Top of Data extracts
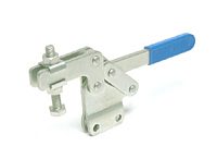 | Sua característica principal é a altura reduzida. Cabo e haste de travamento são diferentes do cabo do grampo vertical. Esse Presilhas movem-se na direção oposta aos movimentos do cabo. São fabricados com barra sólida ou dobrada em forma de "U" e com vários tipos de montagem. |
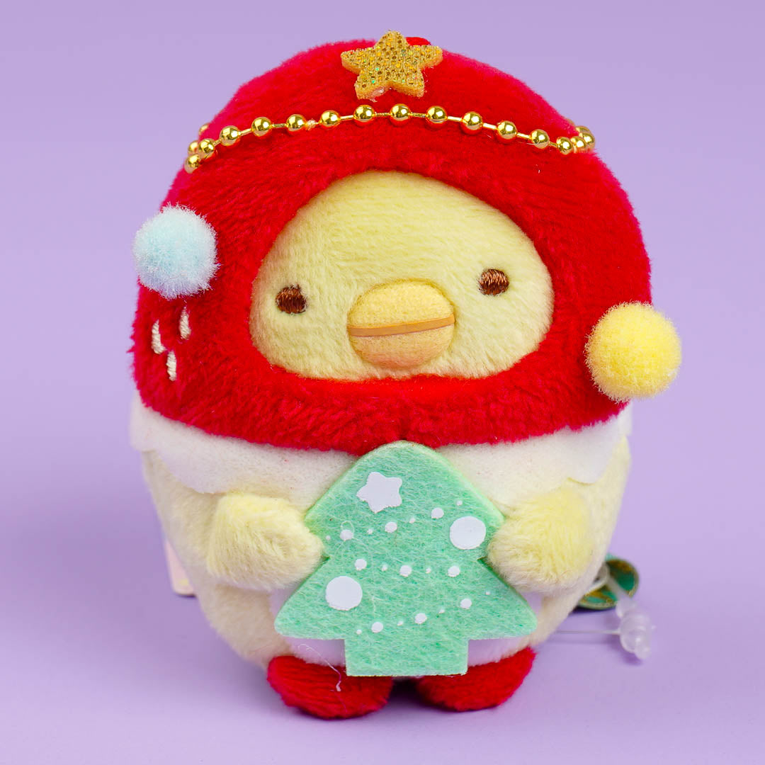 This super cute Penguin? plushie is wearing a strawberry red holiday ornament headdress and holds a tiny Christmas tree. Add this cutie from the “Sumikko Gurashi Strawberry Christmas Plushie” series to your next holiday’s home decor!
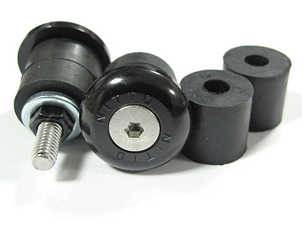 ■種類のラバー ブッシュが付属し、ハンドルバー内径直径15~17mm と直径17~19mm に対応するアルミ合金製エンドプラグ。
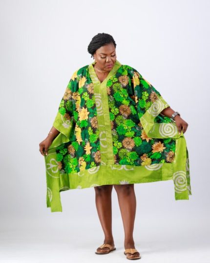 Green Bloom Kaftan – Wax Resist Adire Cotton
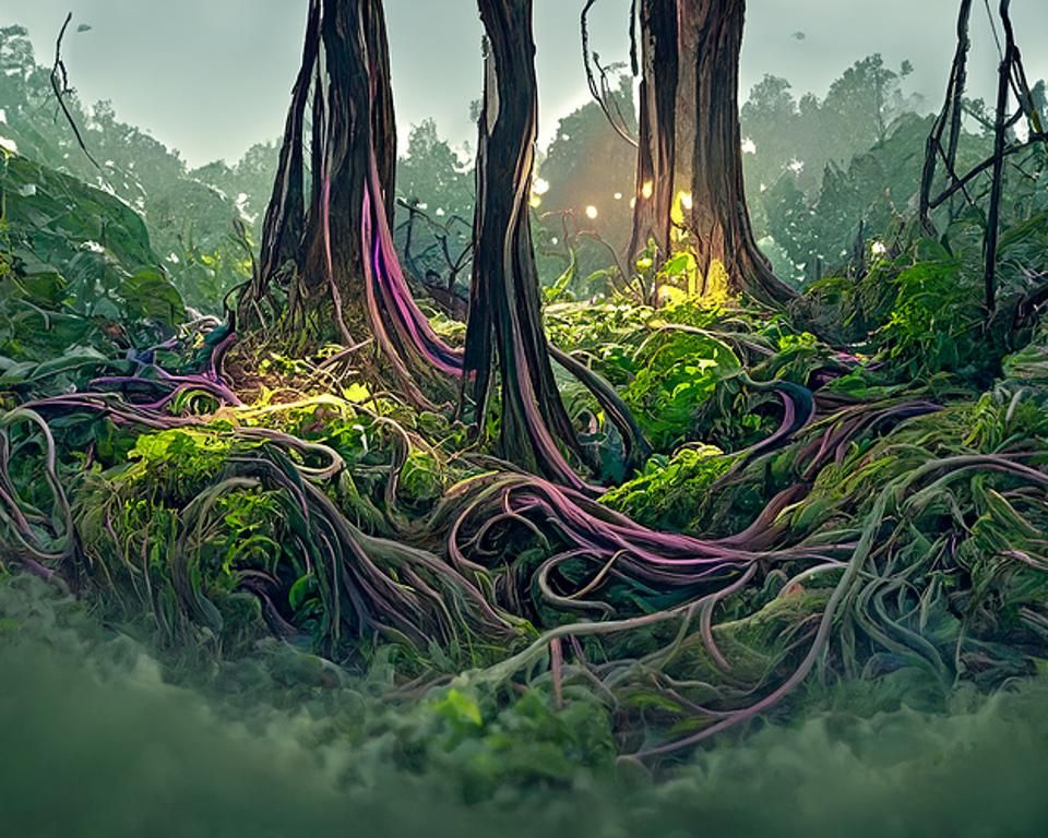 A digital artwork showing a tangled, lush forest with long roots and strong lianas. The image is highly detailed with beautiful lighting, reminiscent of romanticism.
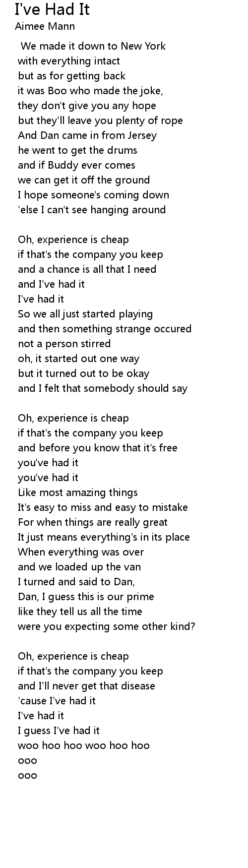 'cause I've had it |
Bottom of Data extracts
:: Directions ::
All of the entries need to be copied exactly, minus any pictures.

:: Result ::
 | Sua característica principal é a altura reduzida. Cabo e haste de travamento são diferentes do cabo do grampo vertical. Esse Presilhas movem-se na direção oposta aos movimentos do cabo. São fabricados com barra sólida ou dobrada em forma de "U" e com vários tipos de montagem. |
 This super cute Penguin? plushie is wearing a strawberry red holiday ornament headdress and holds a tiny Christmas tree. Add this cutie from the “Sumikko Gurashi Strawberry Christmas Plushie” series to your next holiday’s home decor!
 ■種類のラバー ブッシュが付属し、ハンドルバー内径直径15~17mm と直径17~19mm に対応するアルミ合金製エンドプラグ。
 Green Bloom Kaftan – Wax Resist Adire Cotton
 A digital artwork showing a tangled, lush forest with long roots and strong lianas. The image is highly detailed with beautiful lighting, reminiscent of romanticism.
 'cause I've had it |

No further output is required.